How does math relate to real life?
By Jeanne Lazzarini, Math Master Educator/R&D Specialist, RAFT
How does math relate to real life? One way is to take a look at the shape of a cloud, a mountain, a coastline, or a tree! You might be surprised to find that many patterns in nature, called fractals, including growth patterns, have very peculiar mathematical properties — even though these natural shapes are not perfect spheres, circles, cones, triangles, or even straight lines!

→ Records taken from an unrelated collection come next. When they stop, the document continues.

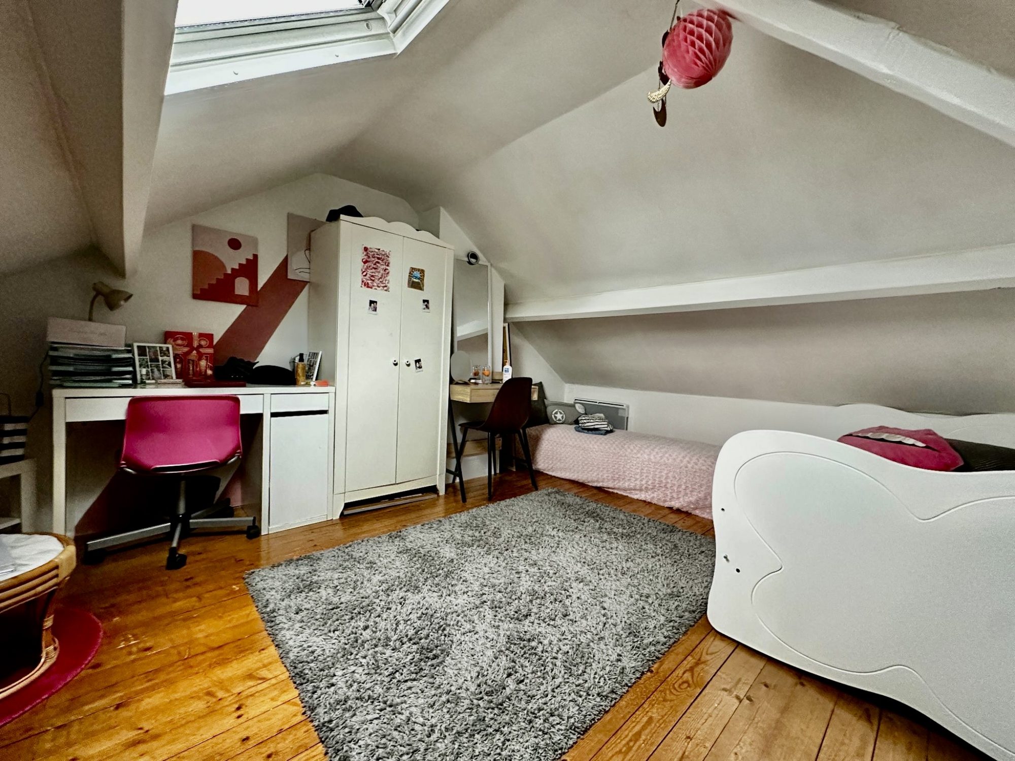 Une entrée avec placardsUne pièce de vie baignée de lumière avec sa cheminéeUne cuisine indépendante aménagée et équipéeDeux chambresUne salle de bainsUn WC indépendantA l’étage :Une grande pièce palière lumineuseDeux chambres parquetées avec Vélux récents et stores occultantsUne petite pièce supplémentaire
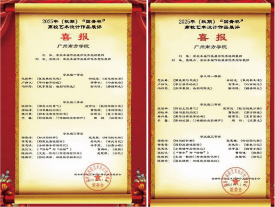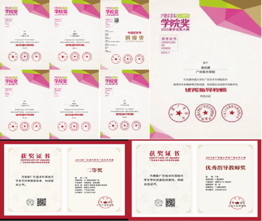 2025年,公司教师在多项国家级、省级重要赛事中捷报频传,充分展现了公司在创意设计、广告传播、文学创作、影视制作、非遗传承、教学改革等领域的扎实功底与卓越实力。以下是获奖情况:
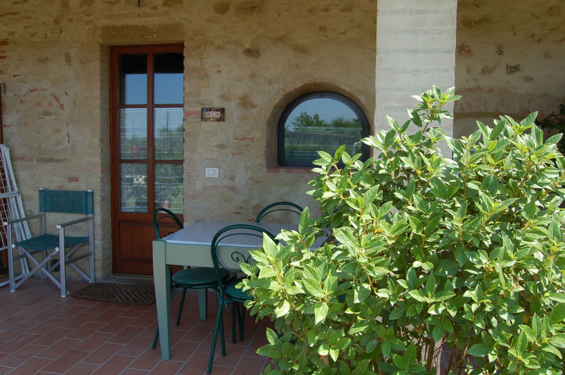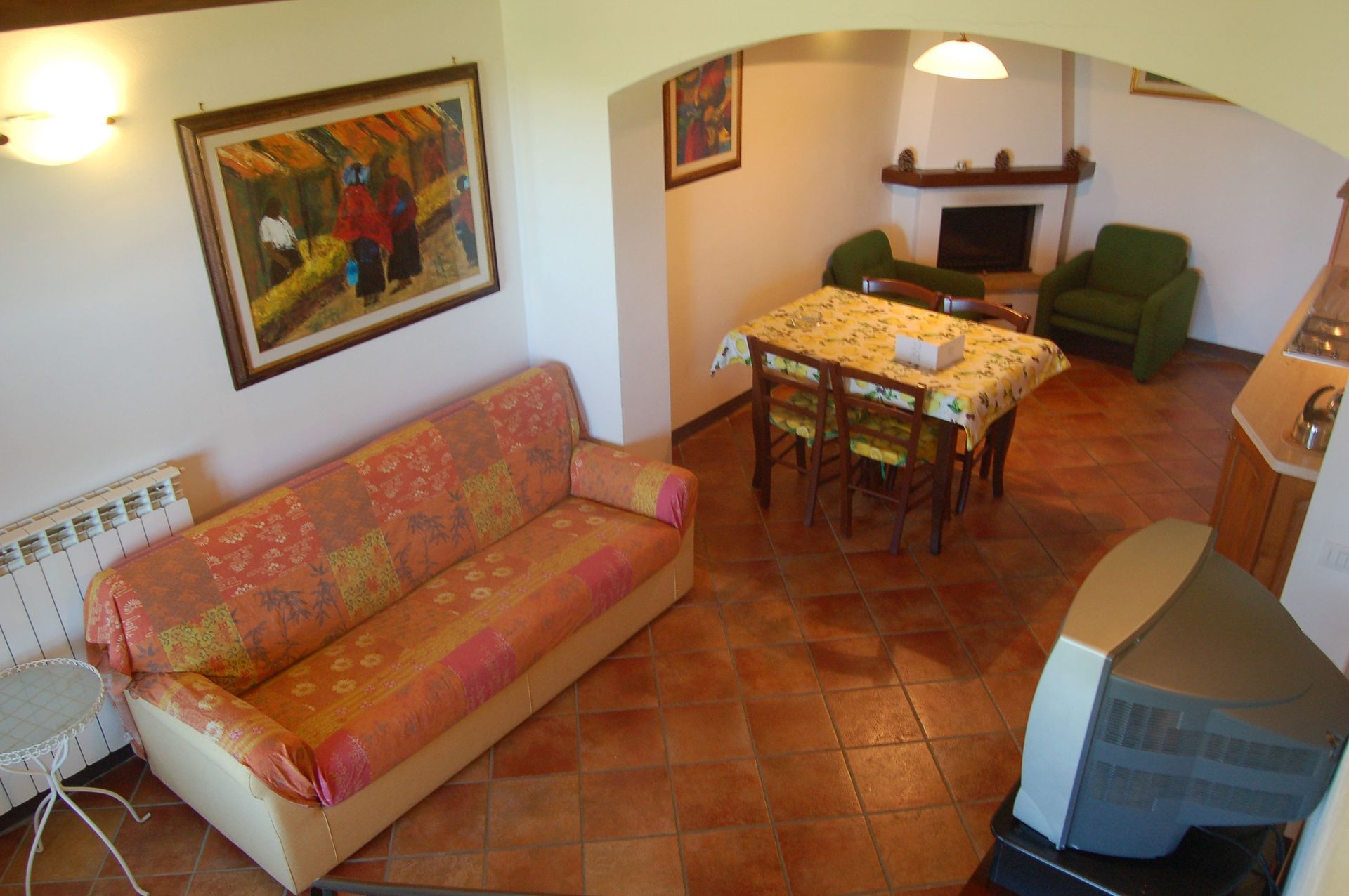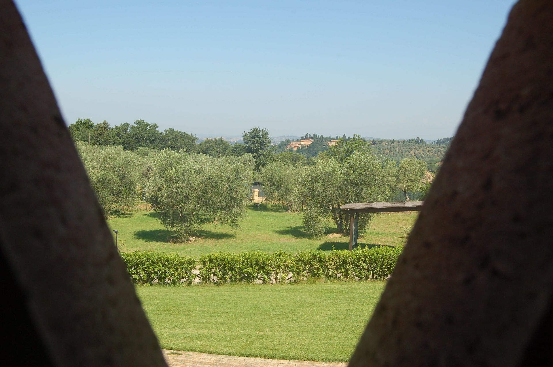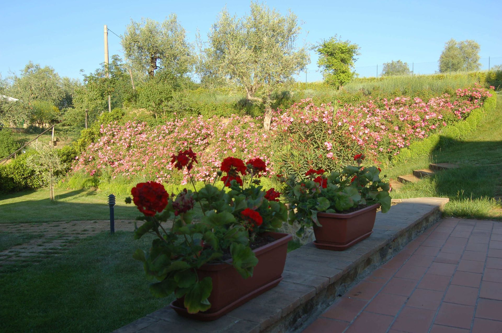 Beautiful Terracotta glazed stairs lead to the first bedroom with twin beds in the upper floor. The wide window of the room is sheltered by the typical thin terracotta bricks, which allow enjoying the wonderful landscape of the valley and its olive groves but being protected from the warmth of the sun in the hottest hours.
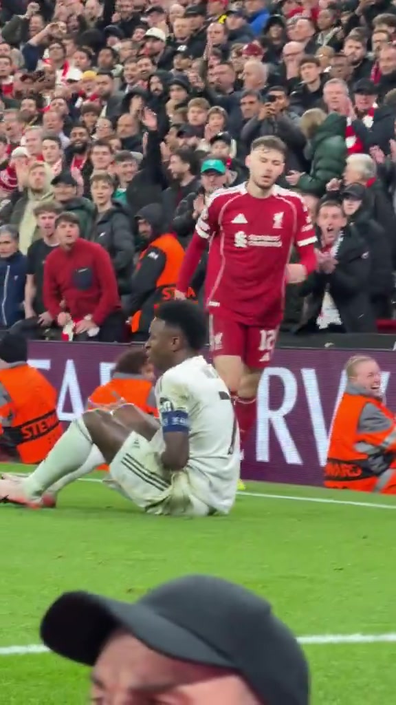 維尼修斯在和布拉德利對抗中倒地慘遭利物浦球迷怒罵

3D Fractals For Inspiration |
So, what is a fractal? Benoit Mandelbrot (November 20, 1924 – October 14, 2010) is commonly called the father of fractals. He created the term “fractal” to describe curves, surfaces and objects that have some very peculiar properties. A fractal is a geometric shape which is both self-similar and has fractional dimension.
Daydreaming fractals |
Ok, so what does that mean? Well, “self-similar” means that when you magnify an object, each of its smaller parts still look much the same as the larger whole part. And, “fractal dimension” is different from what we use to describe shapes such as lines, flat objects, and geometric solids. Simple curves, such as lines, have one dimension. Squares, rectangles, circles, polygons, etc. have two dimensions, while solid objects such as cubes and polyhedra, have three dimensions. Some say time is the fourth dimension. In all these cases, dimension, based on Euclidean Geometry, is described as an integer: 1, 2, 3, 4, …
But a fractal curve could have a dimensionality of 1.4332, for example, rather than 1! A fractal’s dimension indicates its degree of detail, or crinkliness and how much space it occupies between the Euclidean Geometric dimensions. Most objects in nature aren’t formed of squares or triangles, but of more complex fractal shapes, such as ferns, flowers, coastlines, clouds, leaves, trees, mountains, blood vessels, broccoli, weather, lightening, fluid flow, river estuaries, circulatory systems, geologic activity, fault patterns, planetary orbits, animal group behavior, music, and so forth.
Whew! By understanding fractal dimension, mathematicians can now measure forms that once were thought to be immeasurable!
Romanesco broccoli fractals |